- Richard Danielpour
Apparitions (2003)
- Associated Music Publishers Inc (World)
- 0000/0000/timp.3perc/cel(pf).hp/str
- 28 min
Programme Note
These ‘apparitions’ are a collection of pieces inspired by fantasies, dreams and stories of the supernatural, often involving the relationships between people. They were composed during a twenty-day period in December 2000 in Palm Beach, Florida, not far from where I grew up, and where some of the stories are set.
Rodolfo’s Dream is a continuation of Puccini’s La Bohéme, in which the yearning Rodolfo dreams of his beloved Mini returning to him from beyond the grave and beckoning to him to join her.
In Katrina and the Children, the wife of railroad tycoon Spencer Trask hosts a lavish party in their mansion, Yaddo, located in Saratoga Springs, New York.
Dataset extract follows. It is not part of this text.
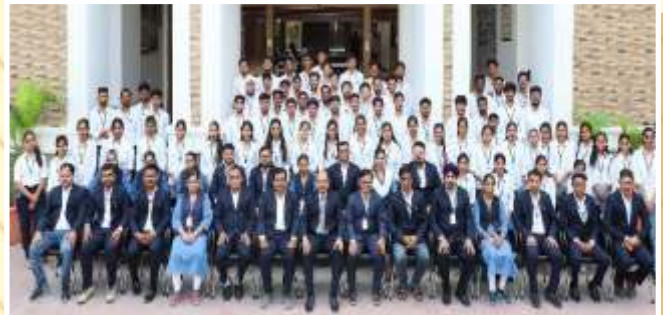
Computer Science and Engineering (B)

Katrina Trask lost each of her children, one by one, in the great Diphtheria Epidemic around the turn of the twentieth century. In this movement, the entire family is reunited beyond the ravages of time in the old mansion. The evening turns into a ghostly ball, as guests from a century ago materialize to share the reunion. (Yaddo was converted into an artists retreat by Trask’s family, and still operates as such today.)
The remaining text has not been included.